___ RECORDS FOR THE TASK ___
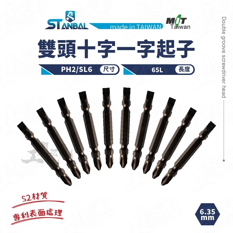 史丹堡- 雙頭起子十字一字 PH2/SL6x65L 台灣製 10入 S2材質 十字 雙頭 ST-80
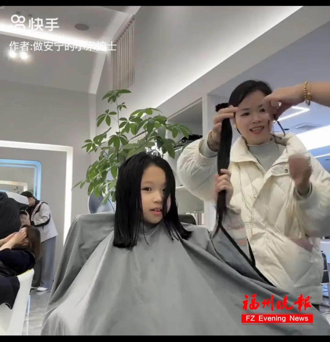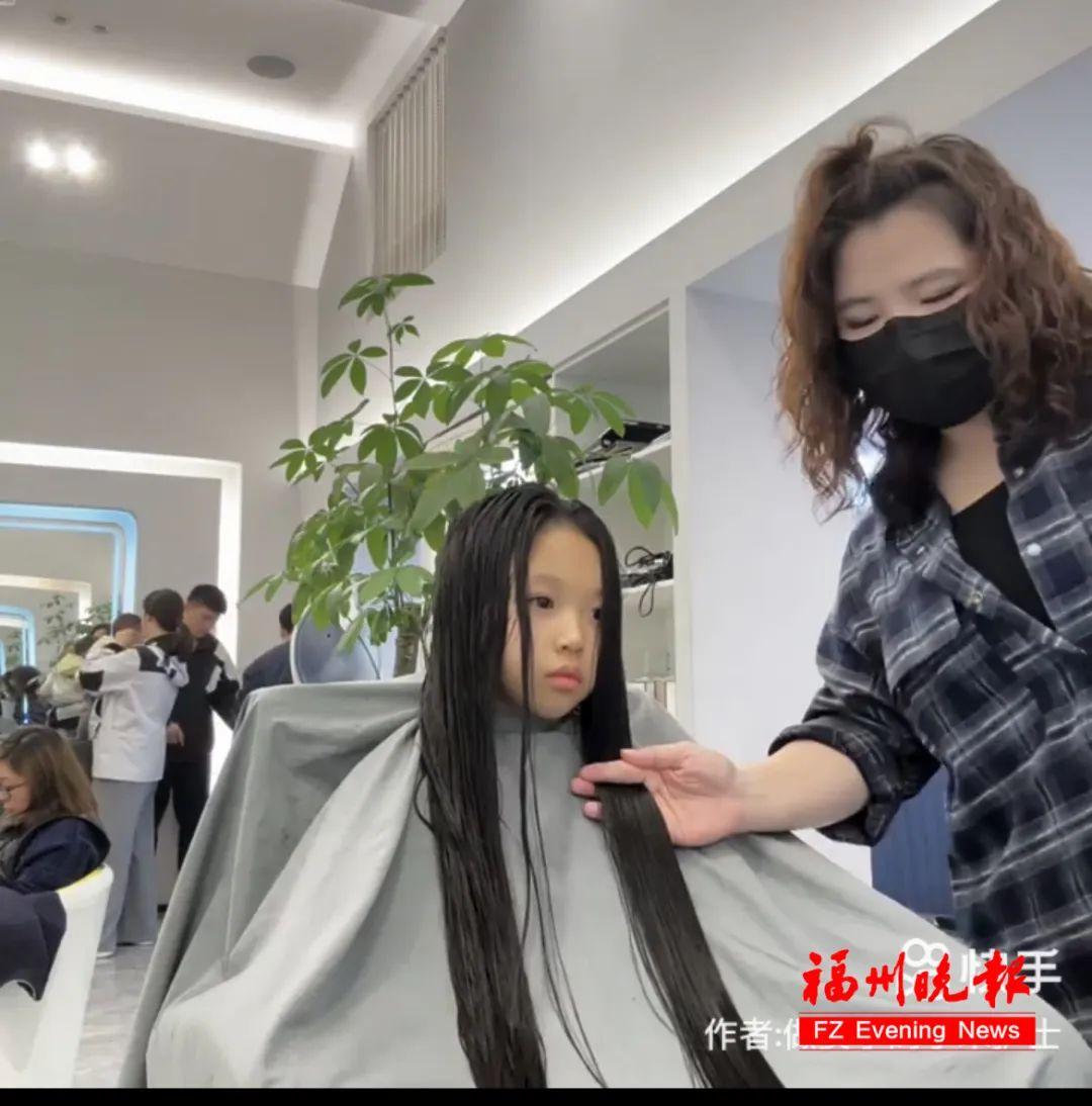 理发店里,剪刀落下时发出清脆的“咔嚓”声。“剪的时候,她还笑嘻嘻的,剪下来了,我就看着泪水在打转。”宋苏永说,女儿憋着泪花的模样让她也很触动,雨熙还问她,“妈妈我做了好事,是不是不能哭,可我好难过,以后没有人说我的头发又黑又长又漂亮了”。
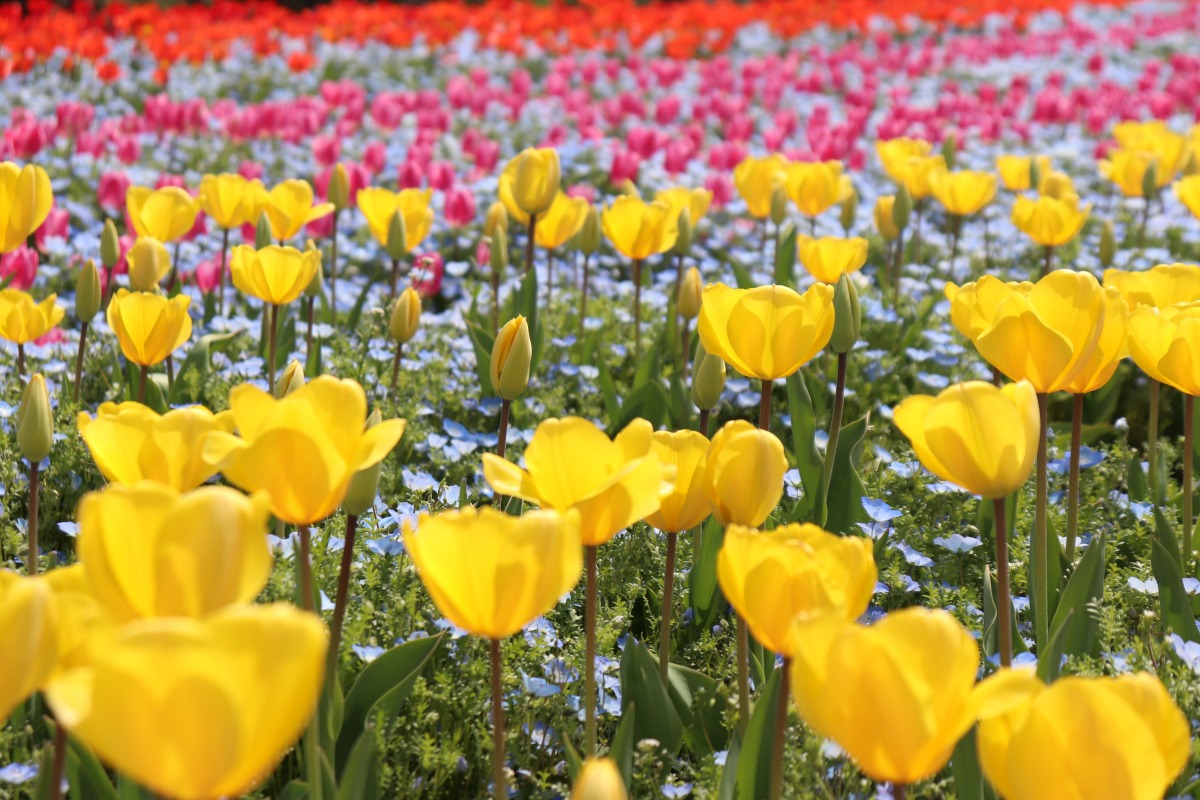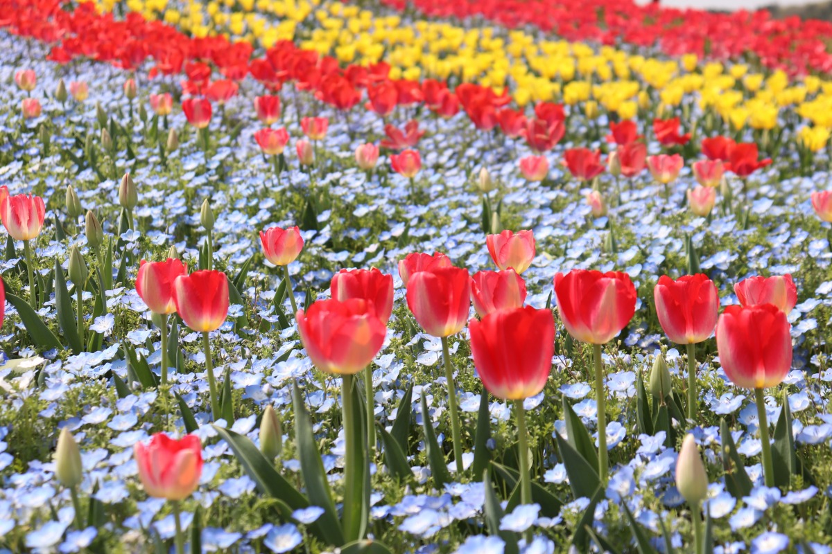 ネモフィラの間にチューリップを植えられたそうです。チューリップの虹ができていてきれいでした。たくさんのカメラマンさんが写真を撮られていました。
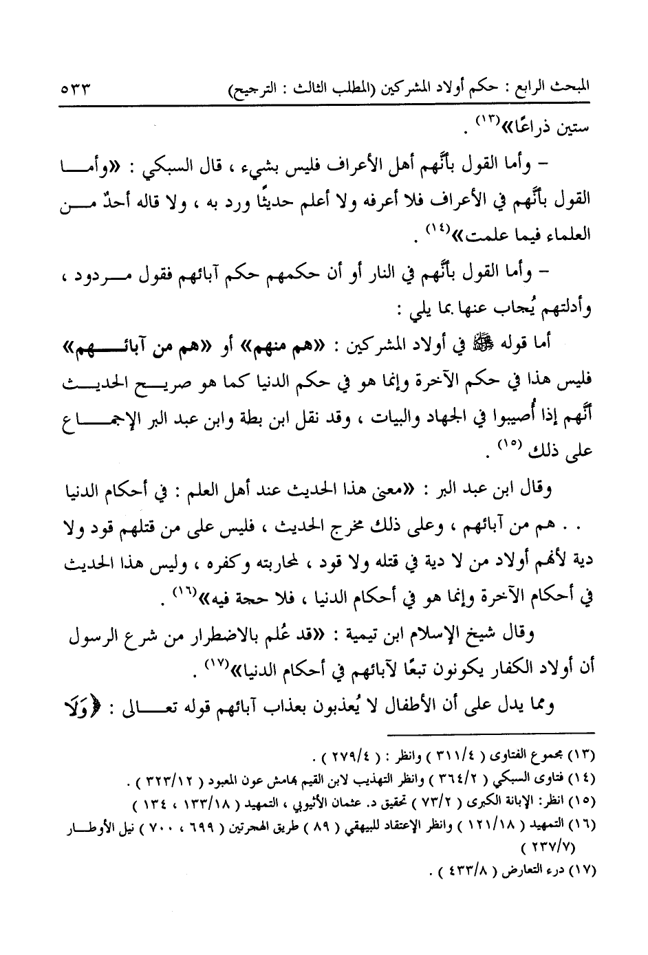 أما قوله -صَلَّى اللهُ عَلَيْهِ وَسَلَّمَ- في أولاد المشركين: "هم منهم" أو "هم من آبائهم" فليس هذا في حكم الآخرة وإنما هو في حكم الدنيا كما هو صريح الحديث أنَّهم إذا أُصيبوا في الجهاد والبيات، وقد نقل ابن بطة وابن عبد البر الإجماع على ذلك (¬١٥).
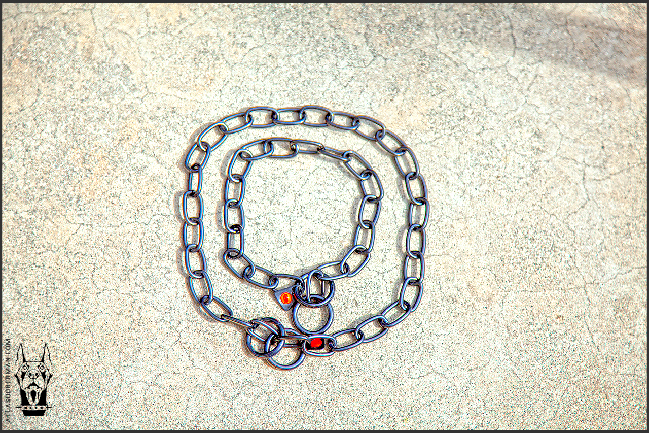 Let’s start off with what I did wrong. I ordered the incorrect Herm Sprenger slip chain collar size for Atlas. I researched how to properly size a slip chain collar and the recommendation is neck size plus 2 inches. At the time, Atlas’ neck was 13″ so I ordered a size 15″. However, the chain wouldn’t fit over his head!
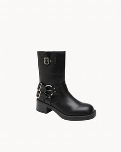 Vores Biker Boots fås med både høj og lav skaft. De høje går til midt på skinnebenet. De har derudover sølvfarvede spænder og nitter, som giver dem et råt udtryk. De passer perfekt til en nederdel🖤☀️
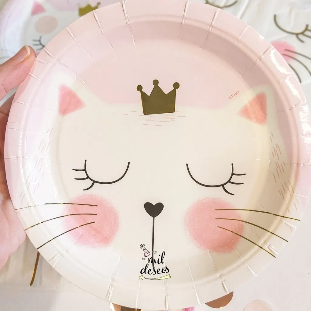 Plato gatita con corona x6 unidades
___
_EXERCISE:_
Within the data above, repeat exactly the lines from the one bearing "أما قوله -صَلَّى" through the one bearing "Vores Biker Boots". Include no pictures and nothing else.

_RESPONSE TO THE EXERCISE:_
 أما قوله -صَلَّى اللهُ عَلَيْهِ وَسَلَّمَ- في أولاد المشركين: "هم منهم" أو "هم من آبائهم" فليس هذا في حكم الآخرة وإنما هو في حكم الدنيا كما هو صريح الحديث أنَّهم إذا أُصيبوا في الجهاد والبيات، وقد نقل ابن بطة وابن عبد البر الإجماع على ذلك (¬١٥).
 Let’s start off with what I did wrong. I ordered the incorrect Herm Sprenger slip chain collar size for Atlas. I researched how to properly size a slip chain collar and the recommendation is neck size plus 2 inches. At the time, Atlas’ neck was 13″ so I ordered a size 15″. However, the chain wouldn’t fit over his head!
 Vores Biker Boots fås med både høj og lav skaft. De høje går til midt på skinnebenet. De har derudover sølvfarvede spænder og nitter, som giver dem et råt udtryk. De passer perfekt til en nederdel🖤☀️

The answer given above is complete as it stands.